В начале эссе «Каббала и миф» Шолем рассказывает историю об одном своём знакомом, «молодом человеке, который приехал в Иерусалим в 1924 году, облеченный в скромную тогу филологии и историзма» (конечно же, речь идёт самом Шолеме). В Иерусалиме молодой человек пытался вступить в контакт с одним из последних каббалистических братств, с братством, которое на протяжении двухсот лет хранило традицию каббалы восточных евреев (речь идёт об общине Бейт-Эля).
В конце концов, он нашёл каббалиста, который сказал ему: «я готов обучать тебя каббале, но только с одним, условием, и я сомневаюсь в том, что ты способен принять его». Наверное, не все читатели смогут угадать, в чём состояло условие: в том, чтобы не задавать никаких вопросов. И действительно, мысль, которая не развёртывается в диалоге, в вопросах и ответах, – весьма странный феномен среди евреев, слывущих заядлыми спорщиками, которые даже на вопрос отвечают вопросом.! Быть может, здесь проглядывает особый модус мышления, сохранивший своеобразие даже на самом позднем этапе развития, – мышления, в котором нет места для вопросов, но только для повествования. Это мышление, которое Шеллинг, великий философ мифа, называл «повествующей философией» и в котором видел высшую форму мысли [DCLXXI].
Каббала представляется высшей формой соединения философии и мифологии, о которой мечтали романтики, но цена, которую она требует от адепта, – отказ от критического вопрошания – неприемлема для Шолема. Но не менее тяжкую цену взыскивает историко-критический метод, воздвигая преграду между филологом и традицией, которую он стремится постичь. Шолем часто говорил в этой связи о гибельном тумане истории, который окутывает мистическую традицию. В письме к Залману Шокену (первому издателю настоящей книги) он рассуждает об утерянном герменевтическом ключе к пониманию каббалистических текстов, замечая напоследок:
А может быть, не столько в ключе нуждаемся мы, сколько в смелости, в готовности рисковать, сходя в пропасть, которая, быть может, когда-нибудь поглотит нас. И ещё – в дерзновении, чтобы пройти насквозь план символического, проломив стену истории. Ведь для Торы – для сути предмета – нет никакой нужды в ключе, нужно только пробиться сквозь окружающую её туманную стену истории, и именно эту задачу я поставил перед собой. Не увязну ли я навсегда в этом тумане и не постигнет ли меня, так сказать, «смерть в профессуре»? И хотя без жертв здесь не обойтись, насущную потребность в исторической критике и в критической истории нельзя удовлетворить никаким иным способом…

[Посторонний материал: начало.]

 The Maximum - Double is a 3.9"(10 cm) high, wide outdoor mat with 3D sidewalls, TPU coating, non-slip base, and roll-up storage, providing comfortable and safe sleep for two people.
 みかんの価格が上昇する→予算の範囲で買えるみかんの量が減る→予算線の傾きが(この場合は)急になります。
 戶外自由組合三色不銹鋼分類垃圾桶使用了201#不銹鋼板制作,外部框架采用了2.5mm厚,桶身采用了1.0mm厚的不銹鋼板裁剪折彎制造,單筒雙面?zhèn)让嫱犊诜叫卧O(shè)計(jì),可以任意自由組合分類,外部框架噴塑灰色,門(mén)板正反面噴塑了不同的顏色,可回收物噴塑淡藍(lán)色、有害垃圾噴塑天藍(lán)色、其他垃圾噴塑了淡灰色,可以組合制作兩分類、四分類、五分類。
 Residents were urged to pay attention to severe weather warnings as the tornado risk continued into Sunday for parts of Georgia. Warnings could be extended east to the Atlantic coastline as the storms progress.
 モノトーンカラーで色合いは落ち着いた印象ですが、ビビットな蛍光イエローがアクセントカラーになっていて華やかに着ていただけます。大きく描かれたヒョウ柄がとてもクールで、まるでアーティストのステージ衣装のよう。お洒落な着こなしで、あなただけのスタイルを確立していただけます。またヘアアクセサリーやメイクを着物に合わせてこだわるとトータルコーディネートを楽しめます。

Ожидание ответа с горы, ожидание того малозаметного сдвига в истории, который позволит истине воссиять из среды того, что мы мыслим как «развитие», – этим живёт моя работа сегодня, так же как и в начале моего пути [DCLXXII].

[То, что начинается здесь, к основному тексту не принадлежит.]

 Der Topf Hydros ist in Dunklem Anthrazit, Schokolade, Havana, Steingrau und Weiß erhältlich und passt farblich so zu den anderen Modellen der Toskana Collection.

В «Десяти неисторических афоризмах о каббале» Шолем развивает эту тему, находя (ироническое) утешение в том, что ситуация филолога по сути дела не отличается от ситуации самого каббалиста:
Филология мистической дисциплины, каковой является каббала, заключает в себе нечто ироническое. Она занимается историей мистической традиции – тем туманным шлейфом, который обволакивает тело и пространство сущности. Конечно же, сама сущность источает этот туман; но различимо ли сквозь него для взора филолога хоть что-либо из истинной природы предмета, или же при проекции в историческое утрачивается вся его суть? Неопредёленность в ответе на этот вопрос имманентна природе филологического вопрошания, и, таким образом, упования, питающие эту работу, неизбежно таят в себе некую иронию. Но не заложен ли момент иронии уже в предмете самой каббалы, а не только в её истории? Каббалист утверждает существование традиции, передающей истину из поколения в поколение. Ироничное утверждение, ведь истина, о которой идёт речь, может быть чем угодно, но только не тем, что подлежит передаче! Её можно постичь, но нельзя передать. Если найдётся в ней нечто, что можно передать, то это окажется как раз тем, в чём её нет. Настоящая традиция остаётся скрытой; только распадающаяся традиция впадает в предметность и лишь в падении становится зримой во всём величии. [DCLXXIII]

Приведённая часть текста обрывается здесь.